> [WHAT YOU WILL DO] The answer must be an exact copy of the lines from the one with "B2本ずつ植え付け、土を欠けます。溝も同時に埋めていきます。" through the final line below, with no pictures and nothing else.

> [DATA PROVIDED]
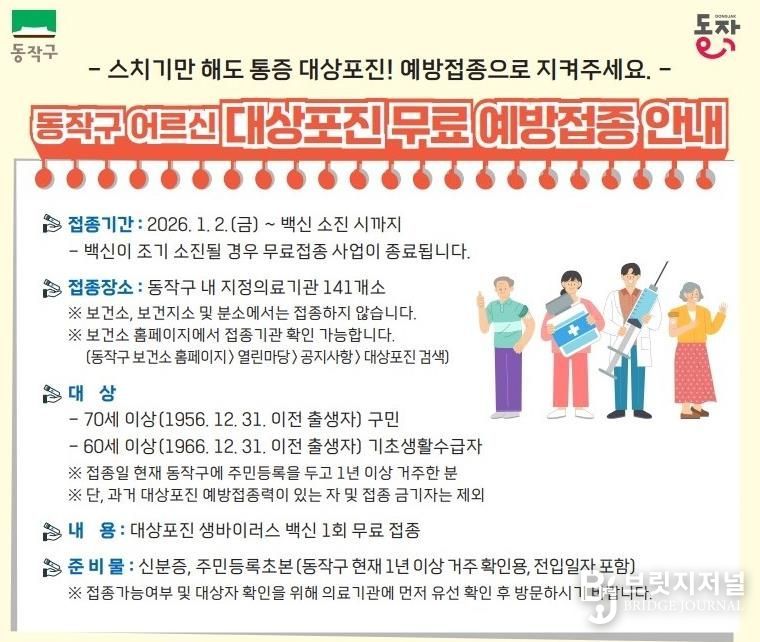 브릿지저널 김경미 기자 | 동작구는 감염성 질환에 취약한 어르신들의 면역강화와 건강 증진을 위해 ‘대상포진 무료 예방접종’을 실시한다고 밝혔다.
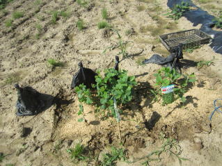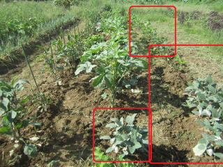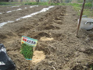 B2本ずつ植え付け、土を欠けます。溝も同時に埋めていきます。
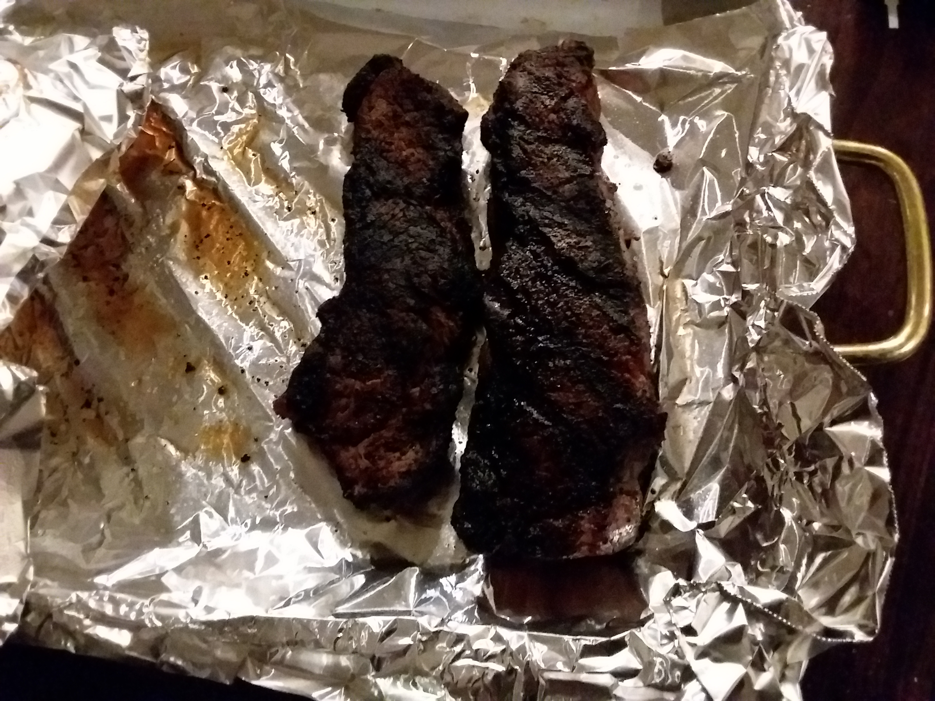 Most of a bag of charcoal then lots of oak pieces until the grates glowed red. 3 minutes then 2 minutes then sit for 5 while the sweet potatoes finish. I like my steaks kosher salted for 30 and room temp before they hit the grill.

> [RESPONSE BOX]
 B2本ずつ植え付け、土を欠けます。溝も同時に埋めていきます。
 Most of a bag of charcoal then lots of oak pieces until the grates glowed red. 3 minutes then 2 minutes then sit for 5 while the sweet potatoes finish. I like my steaks kosher salted for 30 and room temp before they hit the grill.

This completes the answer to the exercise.